If we have done in our own species, by destroying our home, well then, that's what we've done. We, too, are part of nature. And everything we do IS nature. Nature creates. Nature destroys. Nature creates again. That's how it goes. We all die. We are all recycled. And it is a very, very, very, very, very, very (need I go on?), VERY big universe out there, where this destruction/creation cycle is constantly occurring on an unimaginably large scale. Amazing how our tiny little brains (teensy weensy ants crawling on a bit of dust in the vasty cosmos) try to stretch themselves around that big reality. This precious and amazing thing--human consciousness--is not likely rare at all, but we are the only instance of it that we know of (and maybe the dolphins, whales and elephants--intuition says yes). But some of our best survival skills--being able to store up grain for seven years, inventing refrigerators, our wanting to GO, our adventurousness, our desire to travel over the next hill, our fantastic organizational skills, our even more fantastic engineering skills--Christ, putting men on the moon!--may well be our demise.

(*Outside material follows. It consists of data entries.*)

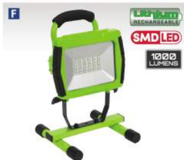
F 30 SMD LED Rechargeable Portable Floodlight Model No. LED109C

Portable floodlight with adjustable head, housed within a stable steel frame. Features 30 super bright SMD LEDs, giving a full 120° spread of light. Weatherproof design with an on/off rocker switch and two light settings. Built-in 7.4V 4Ah Lithium-ion rechargeable battery. Supplied with a 3-pin UK plug, mains charger and 12V in-car charger. Suitable for lighting workshops, garages and other environments where no mains supply is available.
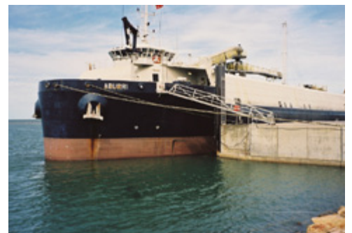
Bing Bong wharf (Australia)
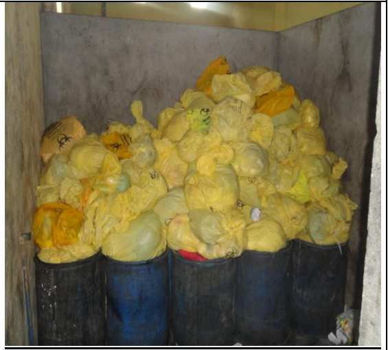
Fig.6: Storage of Bio-Medical Waste
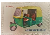
$100- Magnet or Ornament
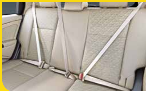
Rear 3-Point Seat Belts (All 3 Seats)

Enhances restraint performance and minimizes impact to the chest in case of a collision. Standardized across all variants.
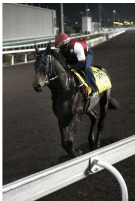
Viva Pataca

Just two of the 15 runnings of the G1 Cathay Pacific Hong Kong Vase have been won by non-European horses, the last being Japan's Stay Gold (Jpn) (Sunday Silence) in 2001. Though Daliapour (Ire) (Sadler's Wells) was purchased privately and raced for Hong Kong
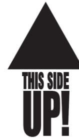
Figure 3: HSLABEL-347 Installation Orientation Label

When installed or used as a mobile unit to move free air, the fan must be oriented with the motor capacitor on top. Failure to do this may eventually lead to premature failure of the capacitor due to concentration of excessive moisture. The label on the right will be located on both sides of the fan venturi to ensure the fan is installed and/or operated in the correct orientation.
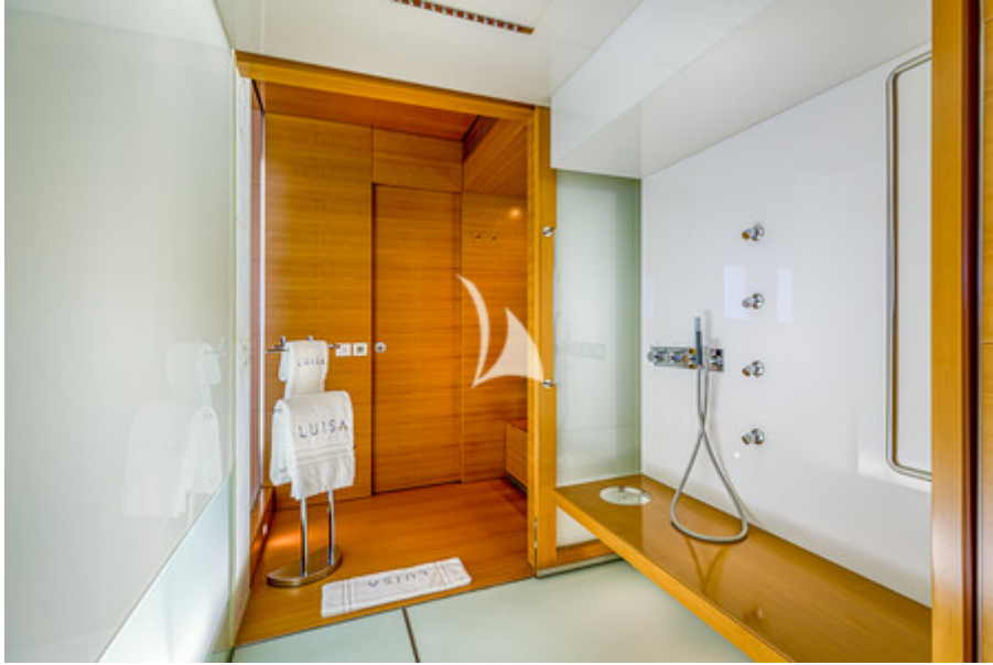
MY LUISA - MASTER BATHROOM
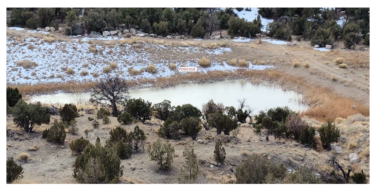
Sediment Pond 018, located west of Sed Trap #1 – photo looking southerly Pond has some water. No discharge in 2023
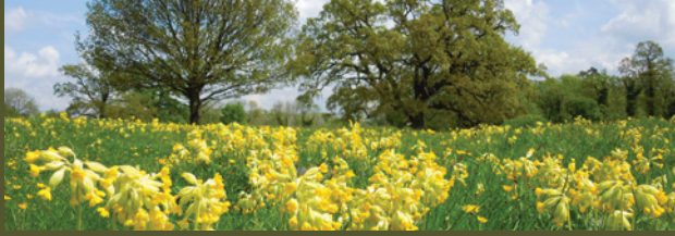
Cowslips at Fulbourn Fen
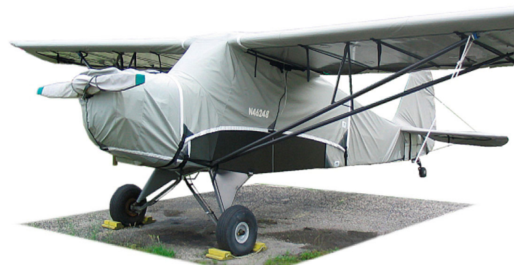
Prop Cover, Engine Cover, Canopy Cover, Wing Covers and Empennage Cover

WINTER USE MATERIAL - Made with Solution-Dyed Polyester fabric, this option is intended for seasonal use to aid in deicing, rain mitigation, or for occasional travel. The material is lighter and more compact, but more susceptible to UV damage and may have a shorter useful life if used continuously outside than the all-year use material.
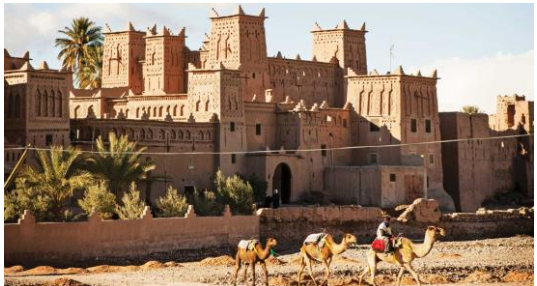
Hotel - Ksar El-Kabbaba

Skoura is the beginning of the route of the Thousand Kasbah. We start our morning on a guided walking tour for the Palm Groves, with the visit to the beautiful 17th century Amerhildl Kasbah, Dar Ait el-Mati and Ait Ben Abou built in 1863, the oldest with 6 storey height of 25 meters, now turn into short stay accommodation. Guest can opt for the walking tour or a half day horse riding tour. If time permits than we drive about 25 Km to a small village in Toundoute to immersed at the Berber daily life and trek a bit for the Kasbah of Sidi M'barek
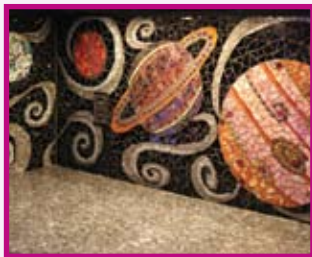
Backsplash by True Mosaics Studio

Ready to take your mosaics into the realm of the permanent installation?
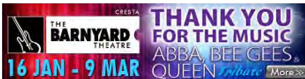
Table bookings/tickets available at finance office – Rina La Grange

Date: 8 March 2014 Show: Thank you for the music – ABBA, Bee Gees & Queen Time: Show starts at 20:00 (doors open at 18:30) Price: R150 p/p Contact person: Rina La Grange
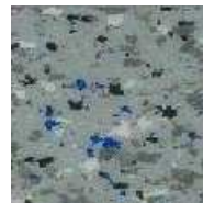
RHE0069 gray-blue large
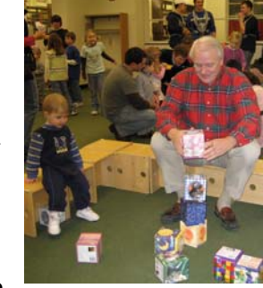
Snow Ball 2008
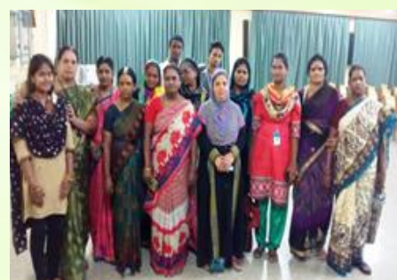
Our women leaders at a workshop organised by Cancer Institute
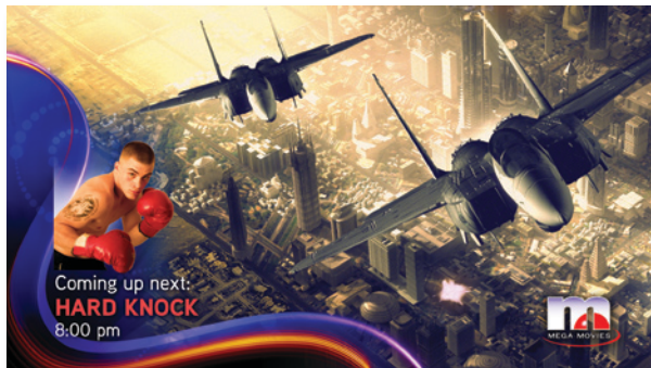
Embedded templates enable graphics professionals to focus on design, without having to worry about traditional automation constraints

The advanced HD/SD character generator option for Imagestore Intuition+ provides template-based, multi-level graphics, with an almost infinite number of layers of crawls, rolls and 'dynamic' static text.
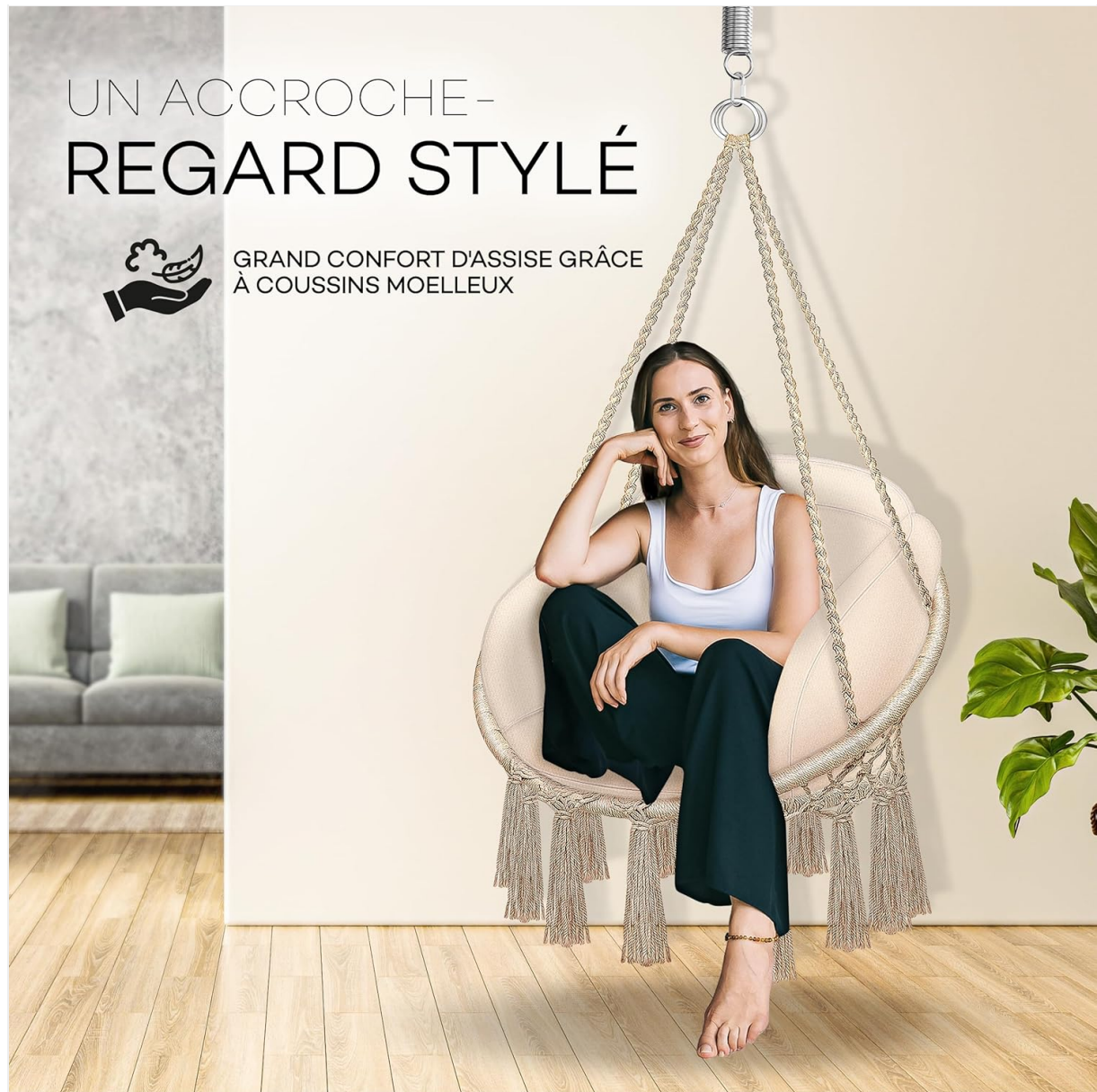
Image: A person enjoying the high level of comfort provided by the soft cushions in the hammock chair.

And if it is, I hope we face it with dignity, heroism, courage, creativity and compassion.

I began sensing something in the rich elite of our own society--American society--in my work on environmental issues. Panic. Deep panic, leading to an orgy of greed and acquisitiveness. The disruption of planet earth's biosphere really began, in major intensity, during the 1960s. For instance, that is when the main part of the old growth redwood forest was finally destroyed in California--under a populist Democratic governor (Edumnd G. Brown, Sr.), in a mind-boggling expansion of middle class prosperity (and house building). But that was ALSO a time of growing middle-class awareness of the perils of environmental destruction, and the birth of the environmental movement. Ask the American people, do they want strong environmental protection?, and 80%, 90% of them will answer yes. Democracy, which is, in some sense, born of environmental destruction, is also the solution to environmental destruction. If the people had their druthers, we would have converted to solar energy and other alternatives a long time ago; the air would be clean; corporate pollution of air, water, food and everything else would be banned; remaining forests would be preserved, and alternative building materials would be produced, and trees would be planted everywhere; we would be living lighter (and happier) on the earth, in a "green" world, one that was fast healing from the damage of 100 years of the most devastating impacts on the planet since the great comet killed off the dinosaurs, but this time inflicted by conscious beings--us--who can't ever seem to get enough of "7 years of grain" security, and always want more, and have the intelligence and dexterity to seek it. More.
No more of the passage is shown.